The Bjerknes Centre is a collaboration on climate research, between the University of Bergen, NORCE, the Institute of Marine Research, Nansen Environmental and Remote Sensing Centre.

Haakon, Crown Prince of Norway, Bjerknes director Tore Furevik, and Slovakian President Andrej Kiska looking at one of the underwater gliders used to research the North Atlantic Ocean.

Royal Visit to the Bjerknes Centre

The Slovakian president, along with Haakon, Crown Prince of Norway, was presented with Bjerknes Centre climate research.

On the 6th of June, Slovakian president, Andrej Kiska, travelled to Bergen. The media cluster at Media City Bergen started the day off, before he, along with Haakon, Crown Prince of Norway, came to the Bjerknes Centre for Climate Research.

The Slovakians requested a visit to the centre during the Bergen part of the tour.

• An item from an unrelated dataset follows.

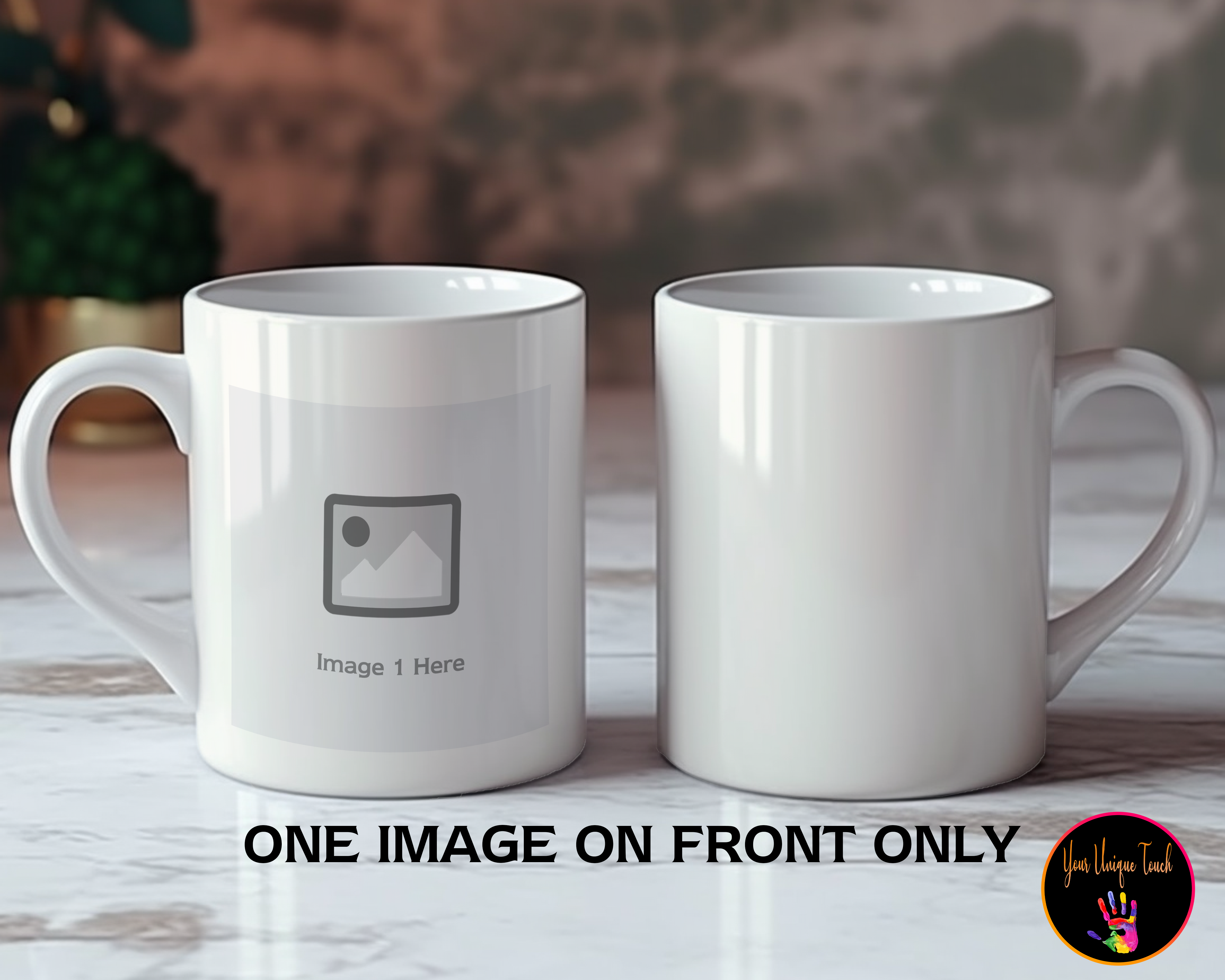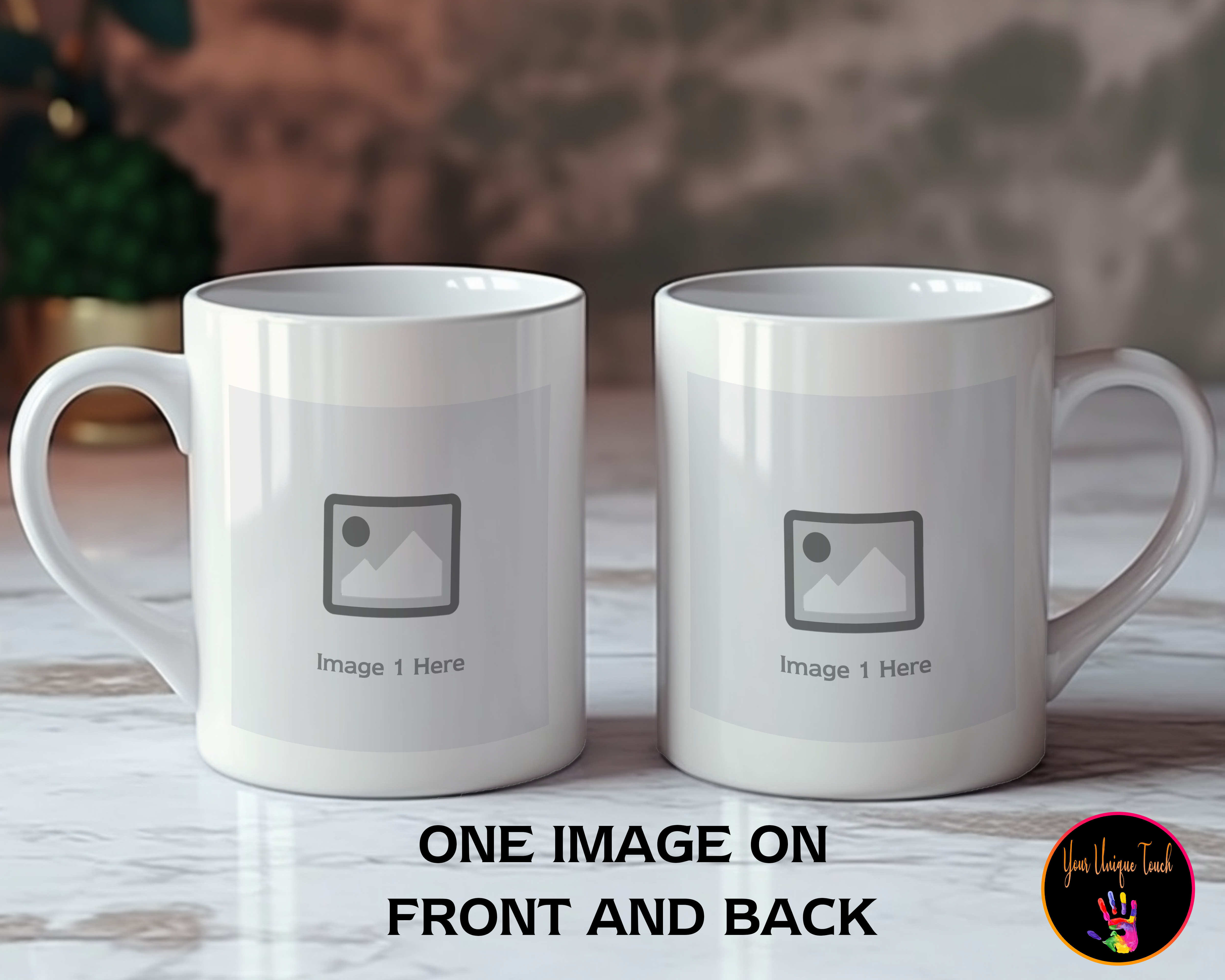 Your mug can be designed with up to two photo, images or logo. These logos will be placed on front and back of the mug.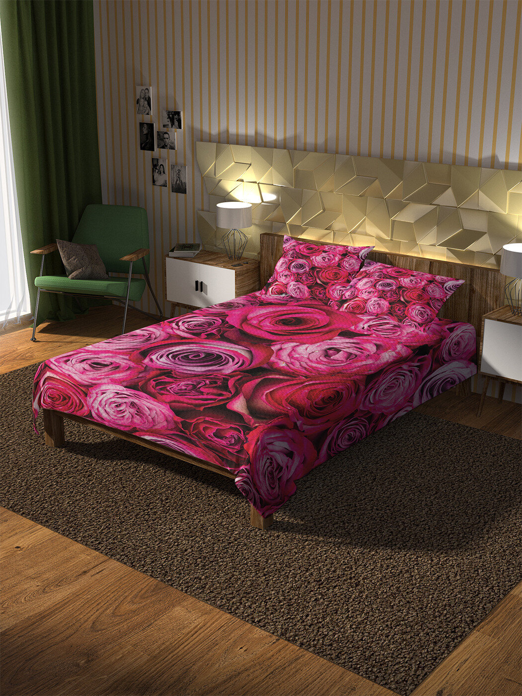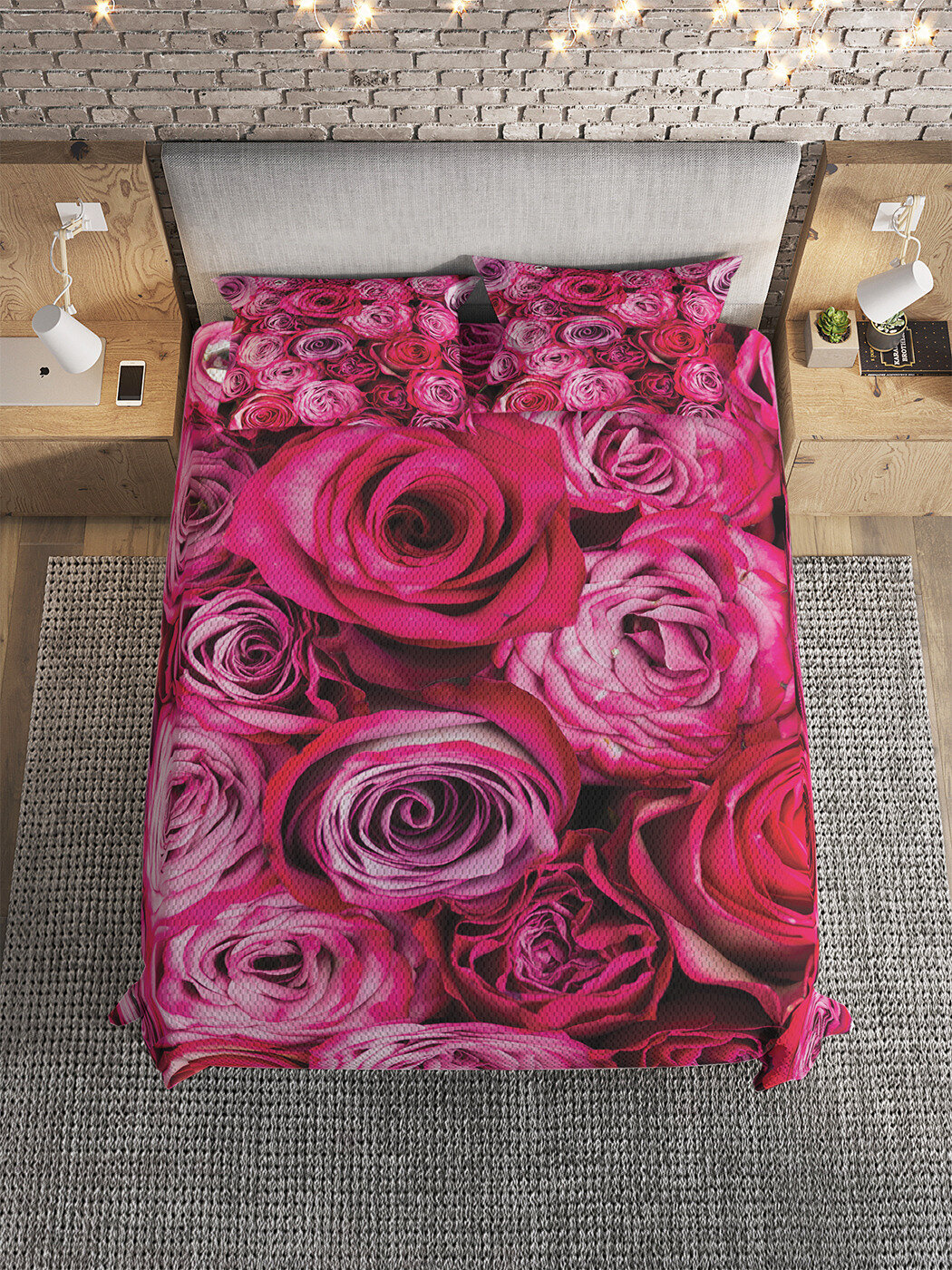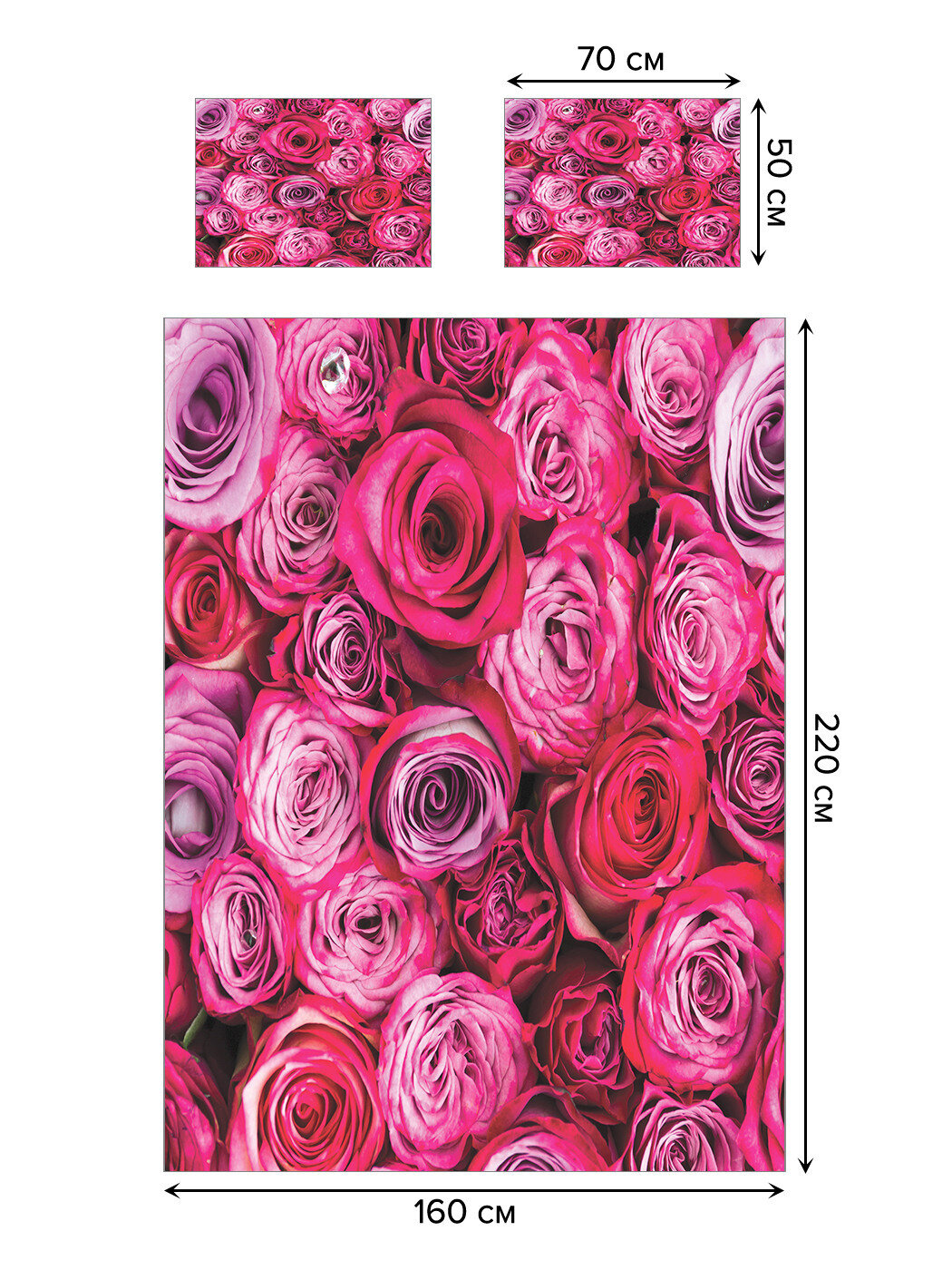 Модель: Покрывало Фуксиевые розы 220x160 и две наволочки 70х50

– We were visited in 2014 by a delegation of politicians from Hungary and Slovakia. We're happy to have them back, says Tore Furevik, Bjerknes Centre director. 

From stalagmites in Borneo, to the future of winter

Nele Meckler viste fram dryppsteinane som er ein del av forskinga hennar i Borneo. (Foto: Gudrun Sylte, Bjerknessenteret)
Nele Meckler viste fram dryppsteinane som er ein del av forskinga hennar i Borneo. (Foto: Gudrun Sylte, Bjerknessenteret)

At the Bjerknes Centre, the attendees were presented a spectrum of research projects – Nele Meckler, Asgeir Sorteberg and Hanna Lee held presentations of past, present and future climate problems.

Nele Meckler showed how tropical regions were affected by ice ages, and how they've collected tropical climate data complimenting measurements of polar ice cores.

– The data shows that the temperature in Borneo sank with 4-5°C while antarctic regions sank by 12°C, said Meckler.

Asgeir Sorteberg, Professor of meteorology, showed how climate models predict a loss of the long winters which ski resorts and ski traditions in both Norway and Slovakia are built on. A global increase in temperatures of 1°C would decrease the snow season in three selected ski resorts in Norway – Geilo, Kvamskogen near Bergen and Sognsvann near Oslo – from 3-4 months, down to 2-3 months.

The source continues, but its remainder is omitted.